* _What you are asked to do_:
Only the lines in the entries below from the line with "This paper explores" to the line with "1. Positions/Deals/Orders: Hiển", both included, belong in the answer, transcribed exactly and without pictures.

* _Data to process_:
================
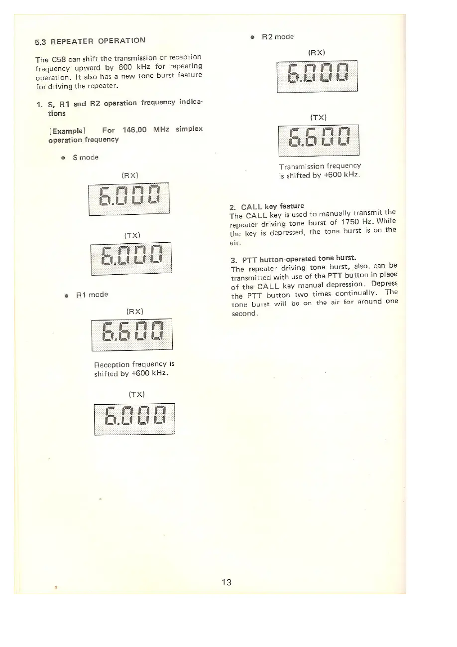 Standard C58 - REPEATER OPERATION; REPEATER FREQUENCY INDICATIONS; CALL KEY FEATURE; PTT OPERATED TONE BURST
================
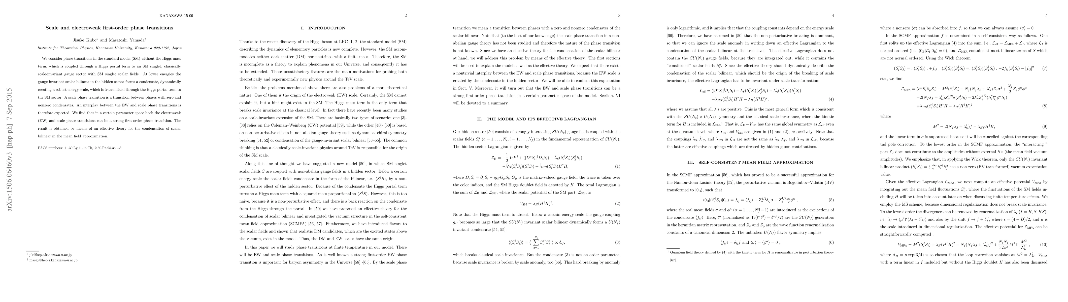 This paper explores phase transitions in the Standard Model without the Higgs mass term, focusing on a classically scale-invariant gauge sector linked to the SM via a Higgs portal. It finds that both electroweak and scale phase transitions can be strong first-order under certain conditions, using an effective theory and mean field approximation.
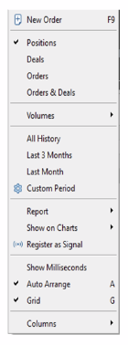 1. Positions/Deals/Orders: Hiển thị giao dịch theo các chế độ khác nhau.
================
* _Answer area_:
 This paper explores phase transitions in the Standard Model without the Higgs mass term, focusing on a classically scale-invariant gauge sector linked to the SM via a Higgs portal. It finds that both electroweak and scale phase transitions can be strong first-order under certain conditions, using an effective theory and mean field approximation.
 1. Positions/Deals/Orders: Hiển thị giao dịch theo các chế độ khác nhau.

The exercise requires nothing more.